Typischerweise wird der Arbeitsabguss durch Einfüllen von Formsteinmaterial
in den Abguss hergestellt, wobei man dann das Formsteinmaterial
aushärten
lässt. Dann
werden kleine zylindrische Stifte an der Unterseite des Arbeitsabgusses
angebracht, um zu ermöglichen,
dass der Arbeitsabguss an einer Basis angebracht werden kann, so
dass einzelne entfernbare Formteile korrekt in der Basis repositionierbar sind.

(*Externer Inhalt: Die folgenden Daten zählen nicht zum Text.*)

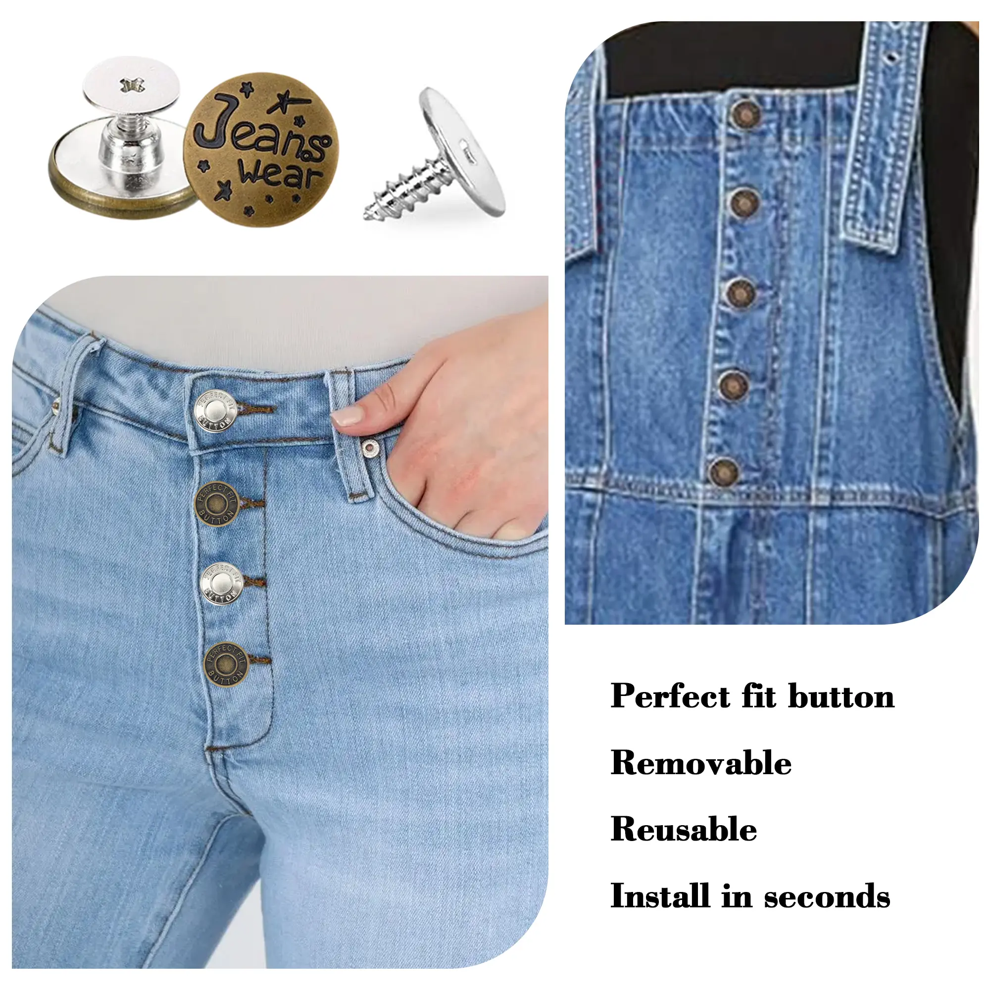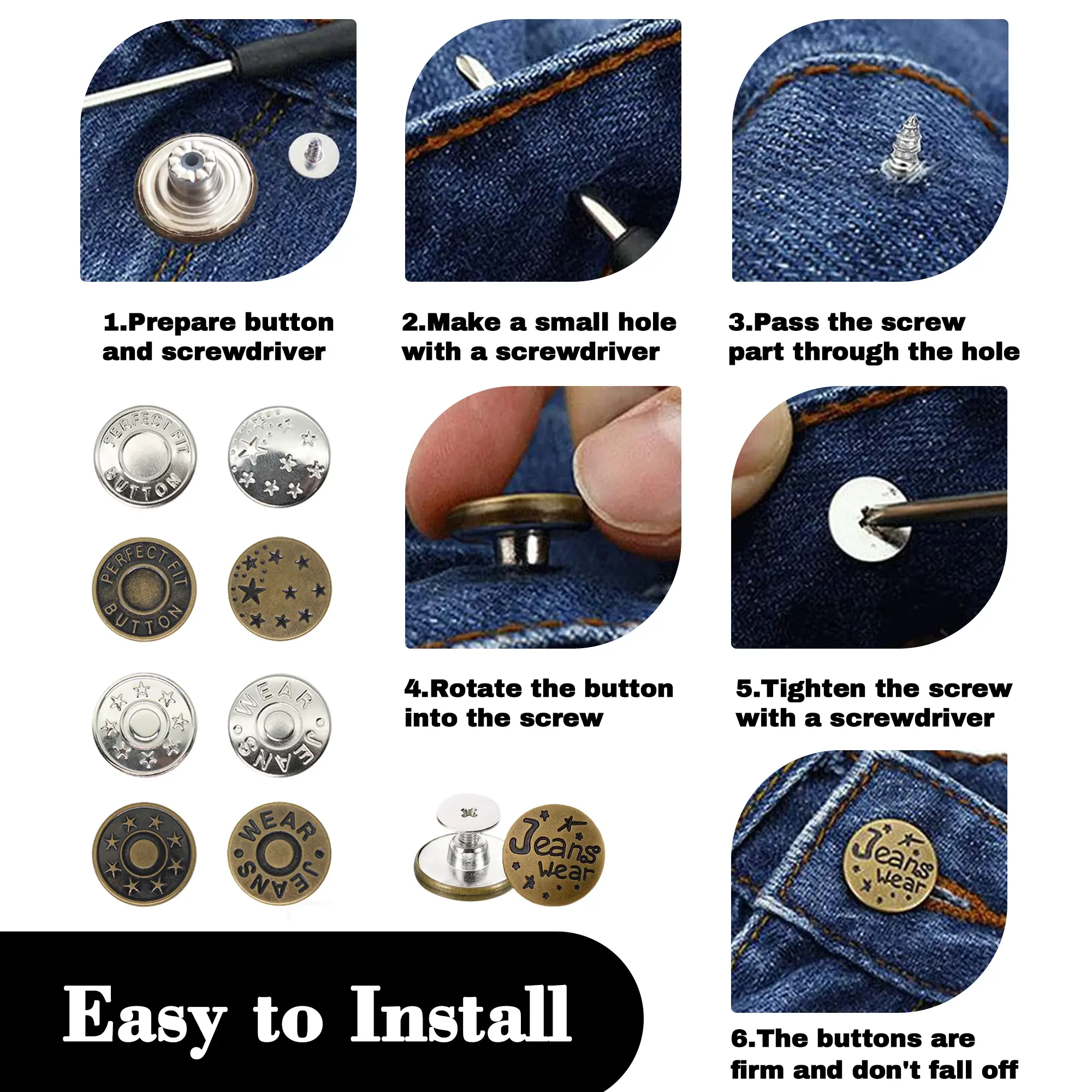 Easy Installation - Just place a hole and pass the replacement jean button through the fabric and attach the base, then easily tighten or loosen by using the included mini screwdriver

Diese Formteile werden in der Folge unterteilt, angepasst und wieder
auf der Basis positioniert. Mit Silikonabdruckmaterial wird ein
Abdruck dieses an der Basis angepassten Modells hergestellt und
die Basis wird dann entfernt, wobei die einzelnen Formteile in dem
Abdruck gehalten werden. Die Formteile, die jedem Zahn entsprechen,
der unter Verwendung von refraktären
Formteilen erneuert werden soll, werden dann aus dem Abdruck entfernt
und die Leerräume
werden anschließend
mit widerstandsfähigem Material
ausgefüllt.
Ein spezieller widerstandsfähiger Stift
wird dann in jedem Formteil positioniert und es wird eine neue Basis
abgegossen.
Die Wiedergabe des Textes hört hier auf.